GENEROSITY OF FRIENDS
What a way to kick off the holiday season with so many fine goodies. Thanks to Leo for the chocolate chip and m&m cookies; and to Devi for her delicious pumpkin cupcakes—so seasonal. Maggie’s cheese chocolate balls proved quite the hit. John D donated bluberry poundcake which went well with Annette and John’s brownies. Thinking we all need to eat better, Pat slipped in some Grapefruit Omega Treats. Gino’s pudding cake balanced Debby’s watermelon. Devi divvied out many zucchini from her garden, raffeling off the largest one. Lucky Leo won it, promising to bake zucch lasagna soon. Thank you all for tantalizing your fellow DCSers.
LOU IS GOLDEN!
We treasure our Lou Paradise for his amazing hybrids, his work on our show schedule, his wisdom at judging workshops, his’s wife’s computation of our shows’ results, and his fabulous dahlias in the Dell. On the national level, Lou compiles, verifies, and organizes the ADS Classification Book EVERY YEAR for a long time. For his amazing services to the American Dahlia Society, our Lou was awarded ADS’s Gold Medal at our One Hundredth Anniversary in New York this past September. No one deserved it more.
MANI TRANSPORTED
John and Donna Mani moved to Thousand Oaks last year. You can take the Man out of his dahlia bed, but you can’t keep the Mani from his favorite flower. John writes:
I want to relate some interesting facts about my dahlia experience here in Thousand Oaks, Ca. When I arrived here in Sept. 2015 I immediately went to the garden warden, a resident who was in charge of the planting area. Our garden area is 200 feet long and 40 feet wide with long rows of raised planters 3 feet high, each measuring 4 feet wide and 8 feet long. Each with a water spigot. There are a total of 44 of these raised plots, with 500 residents, there is a waiting list. I begged and begged and finally received one plot. Not nearly enough so I begged for space along side a border fence and was allowed to build a 10 foot long, 22 inch wide and 2 feet deep raised planter of treated redwood plus room for ten 15 gallon plastic round containers. Enough room for me to plant about 50 tubers, planting sometimes 2 tubers to a pot with stakes plus labels.

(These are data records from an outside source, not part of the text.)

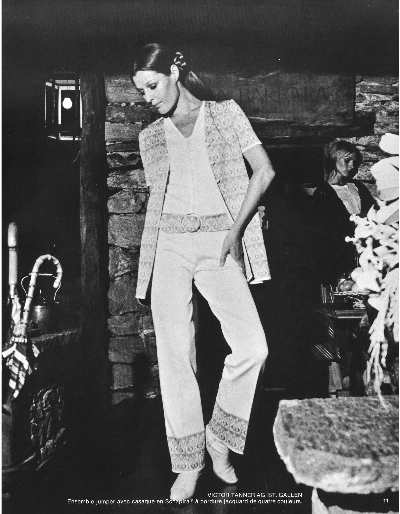
VICTOR TANNER AG, ST. GALLEN Ensemble jumper avec casaque en Schapira® à bordure jacquard de quatre couleurs.
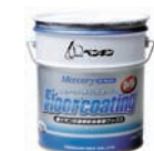
食品関連、流通、学校等で
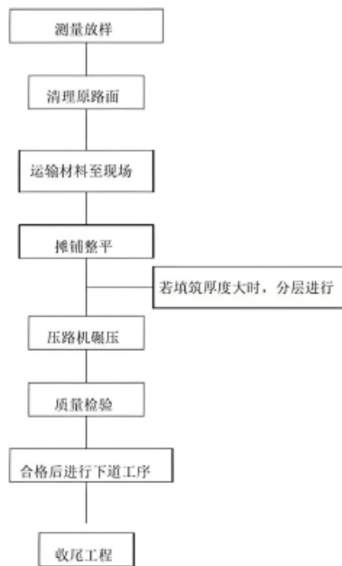
图 1 砂垫层法施工工艺流程图

需要在地表面进行挖槽，排出地表水，减少软土地基中的含水量，保证道路与桥梁在地表中进行施工。为了更好地对挖槽进行挖掘，施工人员在回填过程中选择吸水性较小的碎石或者砂砾进行回填，同时为排水槽进行加固。然后是砂垫层法（见图 1），这种方式适用于软土层较薄、排水性较强的软土地基进行处理，在处理过程中将砂垫层铺设高于 13cm 以上，并且提高软土地基的排水层，使软土地基在构造物荷载过程中加快排水固结的凝结程度，保证软土地基的稳定性。所以在砂砾垫层材料中，以粗砂或者 5cm 以下的砂砾为主。在软土层上方进行砂垫层的铺设，并在铺设过程中洒水对砂垫层压实，不断对砂垫层进行加固，保证软土地基的固结。其次，利用敷垫材料对软土地基进行填充，在遇到地基土层出现不均匀下沉过程中，利用敷垫材料进行填充，如化纤无纺布、玻璃纤维等材料，利用材料的抗剪力与抗拉力加固道路与桥梁路基的坚固度。最后，对软土地基加入添加剂，在表层主要为黏性土的地基，可以在软土地基中加入石灰、水泥等材料，提高软土地基的压缩性。同时以混凝土材料与软土进行搅拌，保证混凝土与软土进行结合，提高软土的固结力，保证软土路基的稳定性。
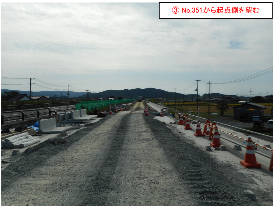
③ No.351から起点側を望む

小船越地区舗装工事 受注者：大成ロテック株 工期：H28. 10. 1～H29. 3. 17
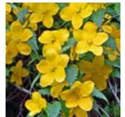
図 7 ヤマブキ

観察会ではサクラやウメがどうして薔薇と一緒に科になるのですか、と質問を受けます。確かに艶やかな栽培品種のバラ (図 5) とサクラ、ウメ
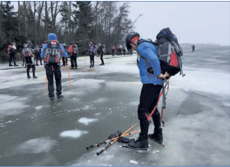
Schaatsen op natuurijs

het Biltsche Meertje. IJBM voelt zich dan ook zeer verbonden met deze plek. Onlangs hebben de gemeente en het Utrechts landschap voor een hernieuwde periode van 10 jaar vastgelegd dat op deze plek de gemeentelijke natuurijsbaan wordt gecontinueerd. Wij vertrouwen erop dat er genoeg schaatsvrienden opstaan om de organisatie van het ijsevenement veilig te stellen. In het najaar komen we bij u terug met concrete plannen.
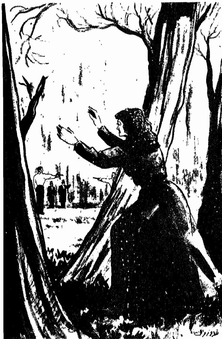
« ووقف الاثنان تفصل بينهما ثلاث خطوات »
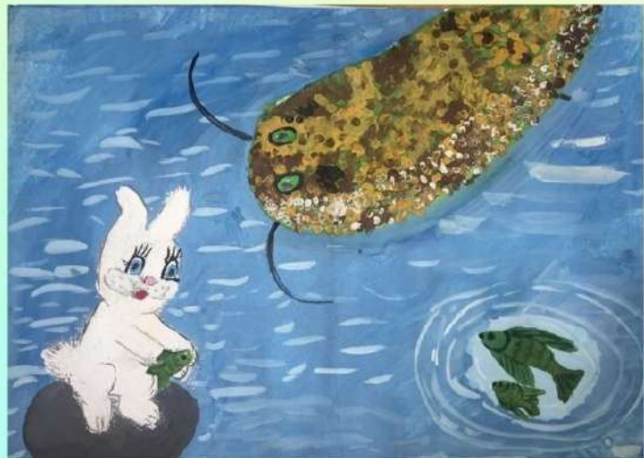
Автор иллюстрации: Щедрина Ксения. Ученица 4 "А" класса.
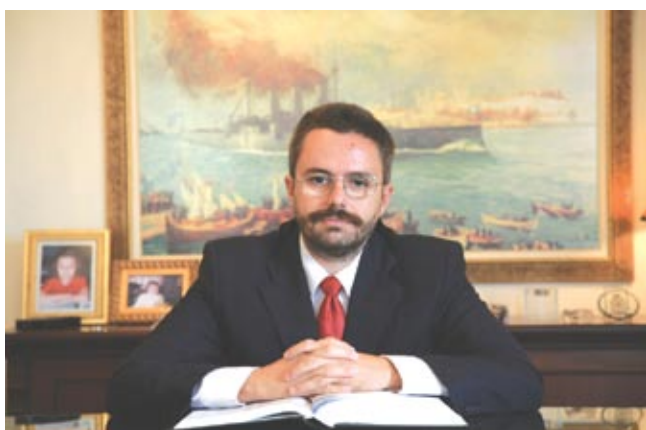
Γράφει ο Ιωάννης Παπαγιάννης*

Ο τουρισμός συνιστά οικονομικό και διαχρονικό φαινόμενο που προάγει και προάγεται από τον πολιτισμό και την κοινωνική ελευθερία. Είναι συνώνυμος της κατανάλωσης και του ελεύθερου χρόνου. Η σπουδαιότητα του τουρισμού για την μελλοντική οικονομική ανάπτυξη και τον περιορισμό της ανεργίας είναι πλέον διαπιστωμένη και αναμφισβήτητη. Τα τουριστικά προϊόντα θα πρέπει να ανταποκρίθουν στις καινούργιες απαιτήσεις της ζήτησης, δίνοντας έμφαση στην εξατομίκευση και την εξειδίκευση και όχι στην μαζική προσφορά και την τυποποίηση.

The original raised wooden 4 x 8 foot bed was made of RR ties. Big, thick, and sturdy. I dug out the old dirt, it was clay, with rocks and junk. I bought a small wheelbarrow & shovel and starting digging. I wheelbarrowed the dirt outside the planting area and disposed of it into a large riparian ditch nearby. This effort took me one week. I then went to the internet and found a soil contractor nearby and went to look at his soils. He had mixed up various “batches” of soil containing amendments and composted material.
I found a suitable mix and began to fill up the back of my SUV with dirt in cardboard boxes. Meanwhile, on the internet I purchased 10 15-gallon black plastic pots and lined them along the fence next to my 10 foot long planter. I bought some wire mesh and meshed the bottom of all of the containers and planters as an anti-varmint precaution. It took 12 trips to the soils place and wheelbarrowing the dirt into the planters and pots before I was ready to plant. 2 weeks of hard work and lots of back ache and old groaning bones. I went to a lumber supply and had them cut up 3/8 in. diameter rebar for stakes 4 feet long, 40 of them. I purchased some drip line tubing, fittings, and a timer/controller, battery run. I purchased many rolls of 1 wide copper tape to line the edges of all the containers as an anti-slug measure. I planted all of my tubers, 52, with stakes and labels. A handful of suitable fertilized was added and I was careful not to water to avoid tuber rot. Just as I had done so many years in Marin County area.
Then I waited and waited and waited, and waited some more but…………….. nothing grew. I planted in mid-March and by the end of May—No Growth!! What was wrong? In anger, I turned on the water clock controller for 10 minutes 3 x’s per week to try and drown my frustration and the damned tubers that wouldn’t grow. To my amazement within 2-3 weeks I had incredible growth!! My plants sprouted up and eventually reached 6 feet with lots of blooms and now, towards the end of October, everything is still blooming. Some grew stalks as thick as my wrist. Somehow, the dirt I purchased was too dry?? I followed the old adage, “don’t water until you see good growth”. I guess in this warmer climate and with new dry soil I had to amend that plan a bit.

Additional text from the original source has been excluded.